Molecular mechanisms in basement membrane complications of diabetes. Alterations in heparin, laminin, and type IV collagen association

Abstract

We report alterations in the ligand-binding properties of laminin, the major noncollagenous protein of basement membranes, resulting from nonenzymatic glycosylation in vitro. Mouse laminin was incubated in vitro with 500 mM glucose, and the level of nonenzymatically glycosylated amino acids increased 2-, 6.2-, and 12-fold after incubation for 1, 3, and 12 days, respectively. Ligand binding assays conducted in solution with varying concentrations of [3H]heparin and a constant amount of control or nonenzymatically glycosylated laminin showed a reduction in heparin binding proportional to laminin glycosylation. An analysis of the stoichiometry of [3H]heparin binding to control and nonenzymatically glycosylated laminin at saturating levels of heparin was performed. The results indicated that the total number of heparin binding sites on laminin decreased 4.7- and 14.7-fold due to nonenzymatic glycosylation of laminin for 1 and 3 days, respectively. [3H]heparin binding to 12-day nonenzymatically glycosylated laminin was abolished.

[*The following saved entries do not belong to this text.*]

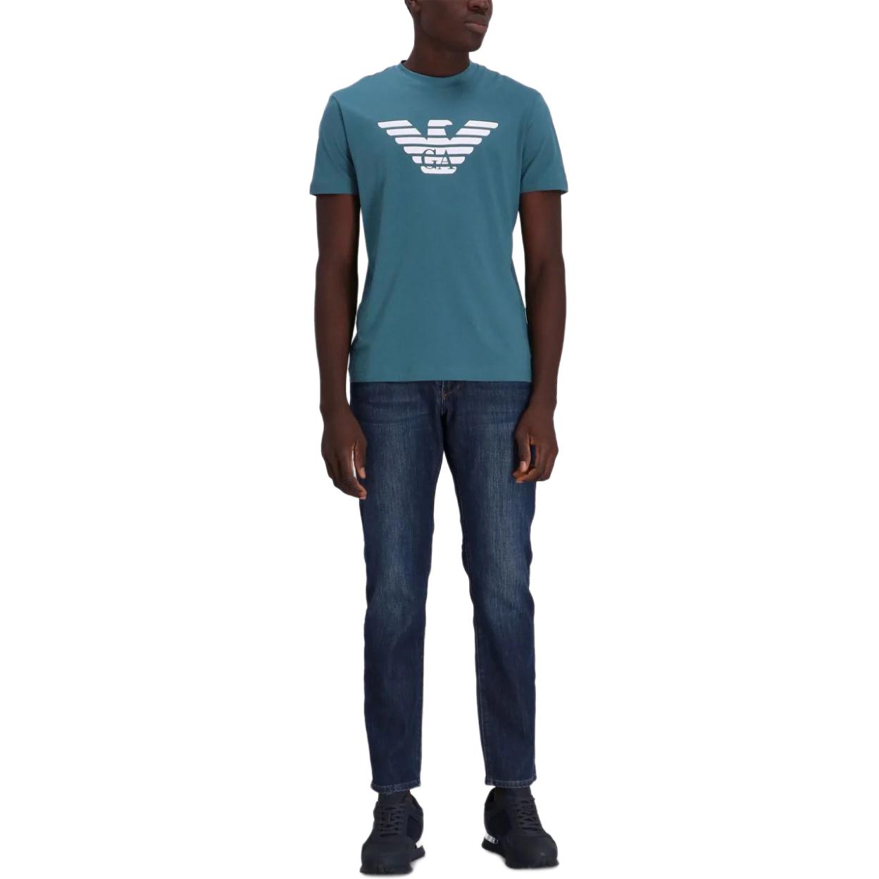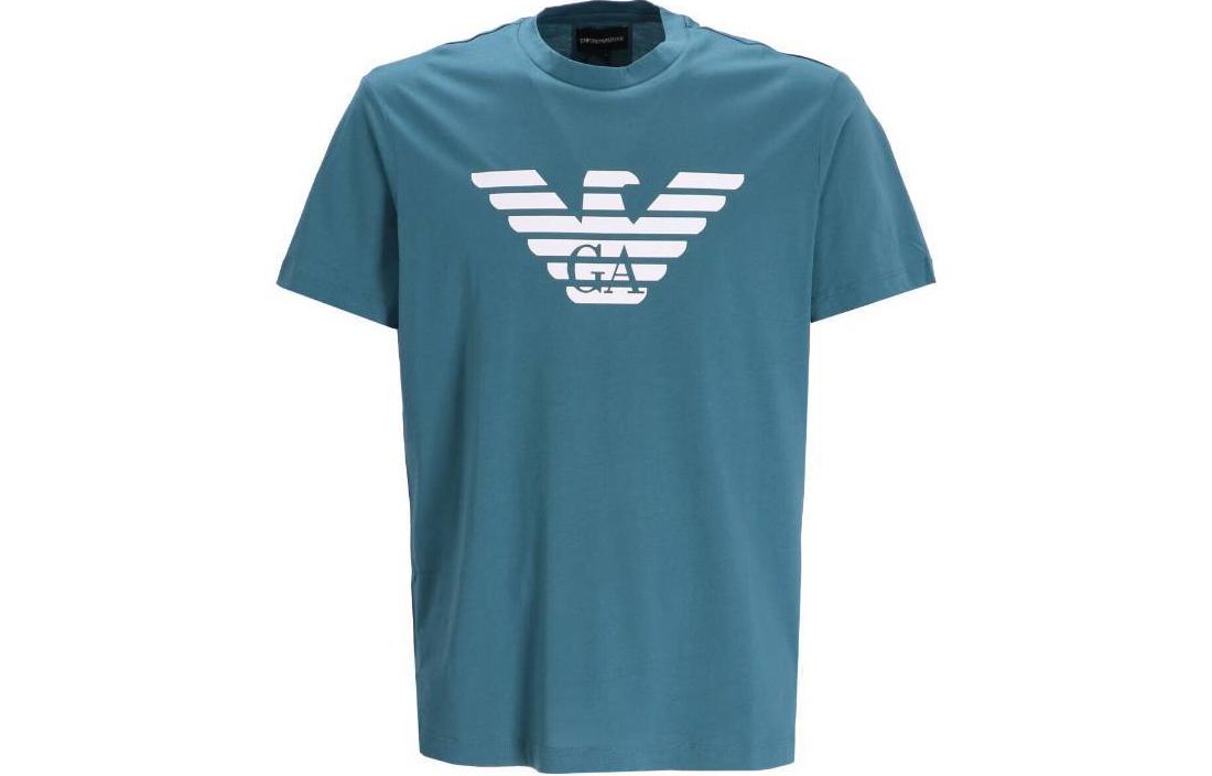 Футболка из хлопка с принтом логотипа EMPORIO ARMANI, синяя
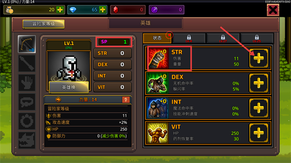 1、在角色界面,利用【SP-1】点数,点击【STR】旁的+号提升【伤害-重量】属性,同步强化【力量-14】等基础战斗能力。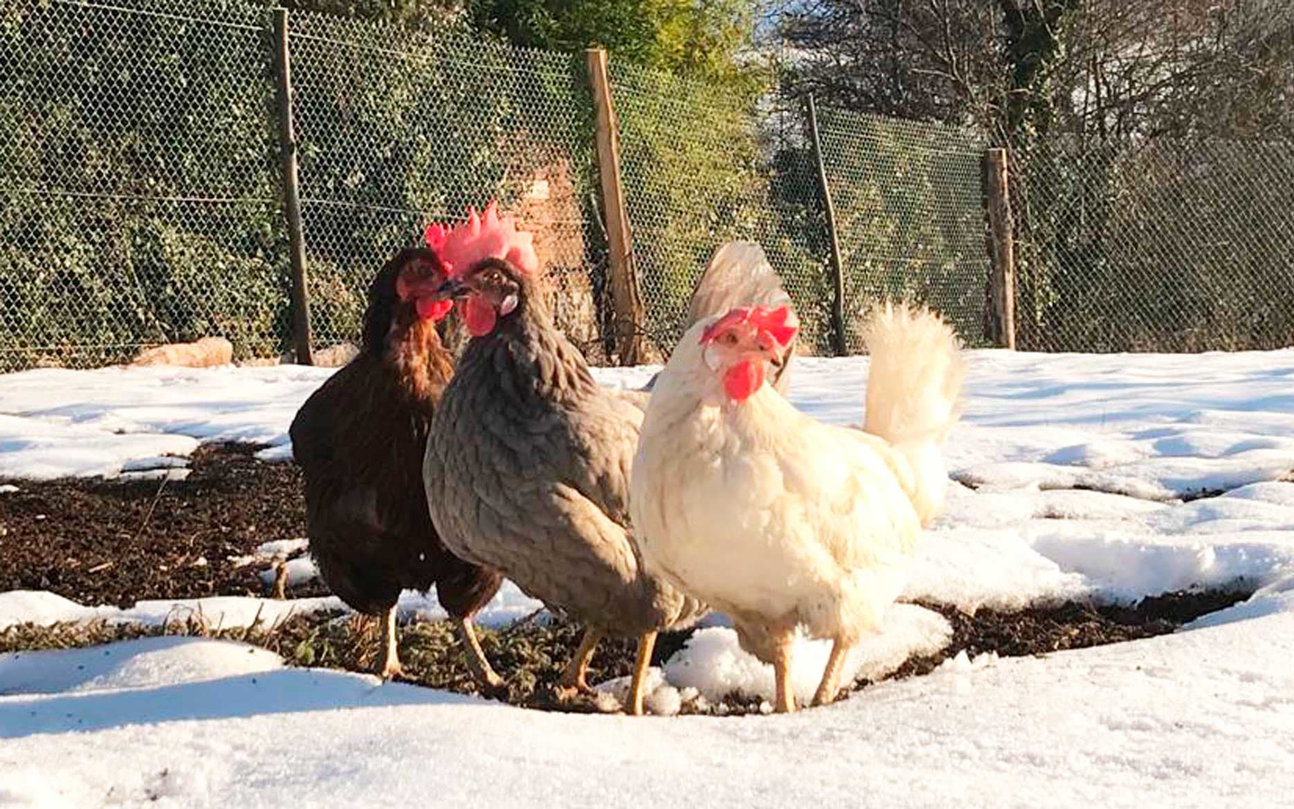 In questi ultimi giorni la neve è arrivata inaspettatamente e ha ricoperto di un manto nevoso l'azienda agricola di Federica nelle vicinanze del lago di Garda. Qui mentre alcune galline si sono riparate dal freddo, altre non si sono lasciati intimidire dalla nevicata e hanno iniziato a giocare sotto i fiocchi di neve.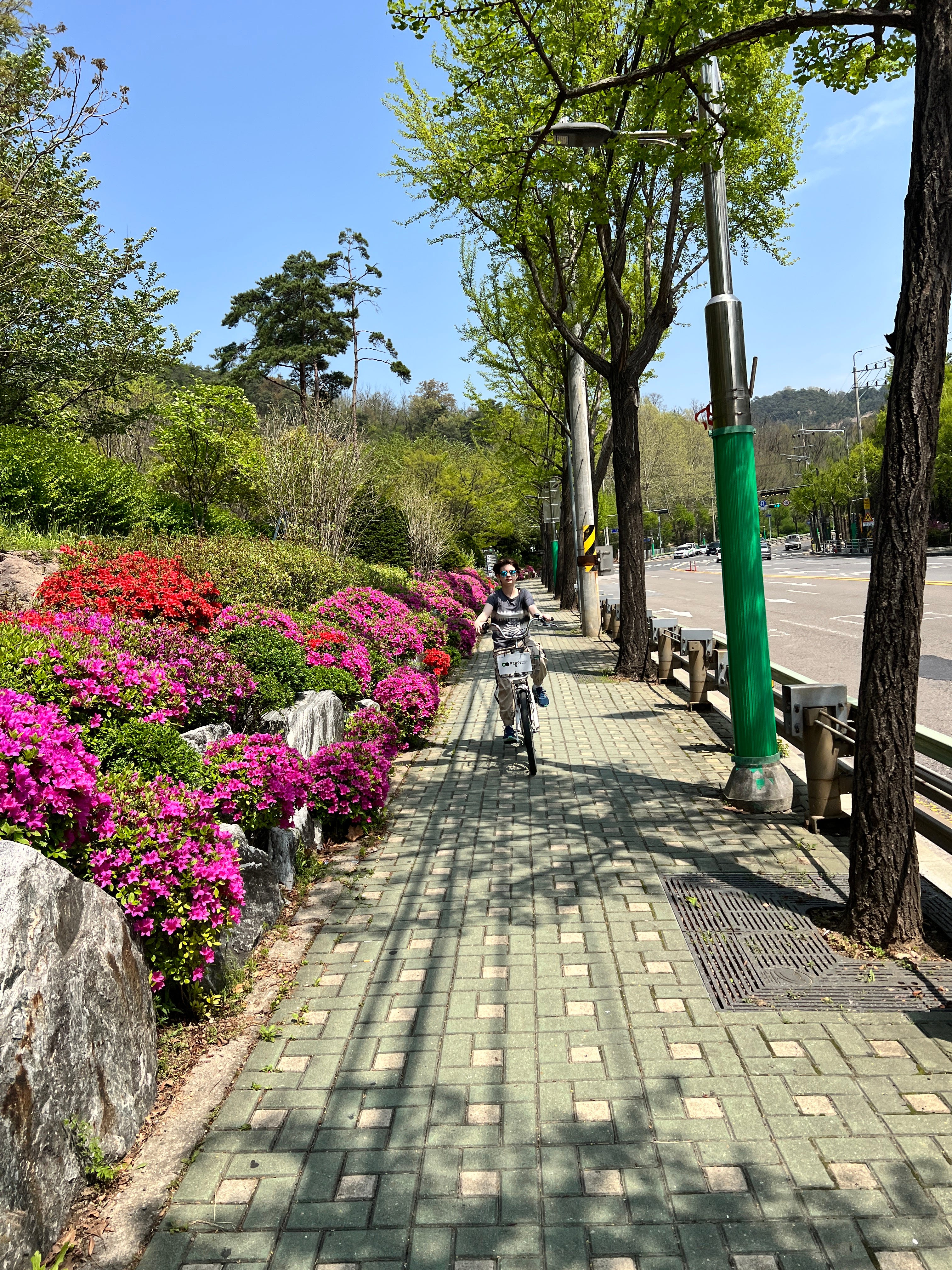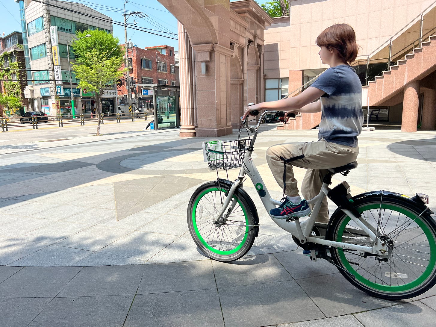 As we walked through the town, we came across a row of rental bikes. She had been asking to rent bikes for days, ever since we first got to Seoul. It had become one of those small but persistent hopes that kept popping up. I’d hesitated each time—partly because it hadn’t really fit the itinerary, but mostly because I wasn’t sure how well she remembered how to ride. It had been years since she last sat on a bike. Still, she insisted, asking with a youthful zest for adventure that I found hard to resist.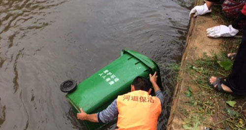 無辜垃圾桶被人拋下河 環(huán)衛(wèi)工人冒險打撈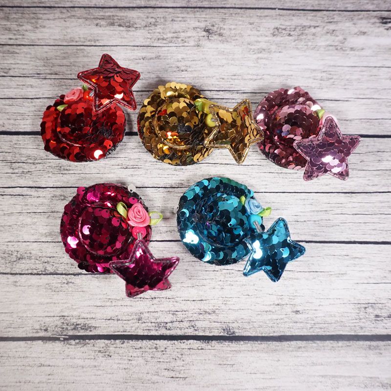 Jepit pir dengan desain topi dan terdapat hiasan bintang diatasnya membuat penampilan anak terlihat cantik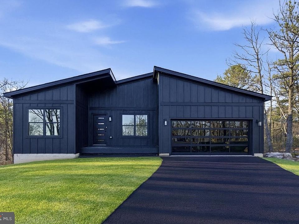 MOVE- IN READY!! This stunning new construction Mid-Century Modern home is nearly complete and located on a spacious 0.92 - acre lot in the desirable Woods Resort, offering beautiful mountain views . The Berkeley floorplan provides over 1,800 finished square feet on the main level, plus an additional 1,800 sq. ft. walkout basement with 9’ ceilings—perfect for future expansion or storage. The exterior showcases black siding for a bold, modern look. Inside features include luxury vinyl plank (LVP) flooring throughout, all-black interior doors with coordinating hardware, and a cozy living room fireplace framed by a black accent wall with wainscoting. The kitchen is equipped with white cabinets, stainless steel appliance package, and a large center island ideal for entertaining. The spacious primary suite includes a bold black wainscoted accent wall and an en-suite bathroom featuring a barn door and custom tile shower & modern finishes. Step outside to a 26’ x 10’ composite Trex deck with sleek cable railing, perfect for enjoying the peaceful natural setting. The home is eligible for Class A Woods Resort Membership, which offers amenities to indoor and outdoor pools, a spa, sauna, fitness center, golf courses, tennis courts, and more. Don’t miss the opportunity to own this stylish and thoughtfully designed home—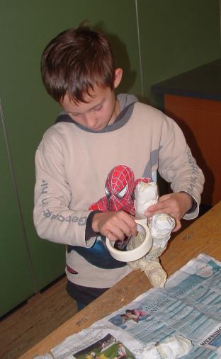 | Nanas nach Niki de Saint Phalle Im Rahmen der AG "Bildnerisches Gestalten" schufen die Kinder von September bis Weihnachten Nana-Skulpturen nach den Vorbildern der Künstlerin Niki de Saint Phalle. Zunächst lernten sie die Künstlerin und deren Figuren kennen. Dann wurden die Grundkörper aus Zeitung geformt und anschließend mit Pappmachée umkleistert. Den Abschluss bildete eine Schicht aus weißem Papier, so dass die Figuren gut bemalt werden konnten. Die Kinder waren mit Feuereifer und viel Durchhaltevermögen dabei - und die Ergebnisse können sich wirklich sehen lassen ! |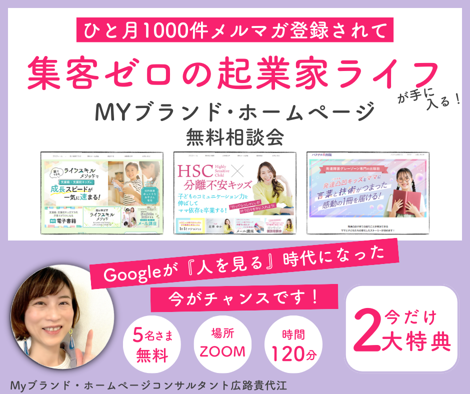 広める力を倍にする挑戦をしませんか?今年上手く行ったSNS投稿を活用して自分だけの集客ツールMyブランドホームページが作れます!ママ起業家として子ども時間も夢を叶える時間も生徒さんを全力でサポートする時間も全部手に入れたいなら私が全力でサポートします。はじめるなら

Scatchard analyses of the binding data for heparin and laminin gave a dissociation constant ( K d) of 3.4 × 10−8 M. The data for nonenzymatic glycosylation of laminin for 1 day in vitro resulted in a biphasic heparin binding curve. Both high- and low-affinity binding was observed ( K d values of 3.3 × 10−8 and 2.6 × 10−7 M, respectively). Similar high- and low-affinity binding sites were seen on 3-day nonenzymatically glycosylated laminin ( K d values of 2.1 × 10−8 and 3.9 × 10−7 M, respectively). [3H]heparin binding at a fixed concentration to a constant amount of control or 12-day nonenzymatically glycosylated laminin and type IV collagen was also studied. Under control conditions, [3H]heparin binding to laminin was increased 3-fold in the presence of type IV collagen. The nonenzymatic glycosylation of laminin or type IV collagen substantially reduced type IV collagen–enhanced binding of heparin to laminin. The nonenzymatic glycosylation of both laminin and type IV collagen abolished type IV collagen–enhanced binding of heparin and reduced heparin binding to background levels. These observations are discussed in relation to the loss of heparan sulfate proteoglycan from the glomerular basement membrane in diabetes mellitus and in relation to the production of an initial lesion in the basement membranes of diabetic animals and humans.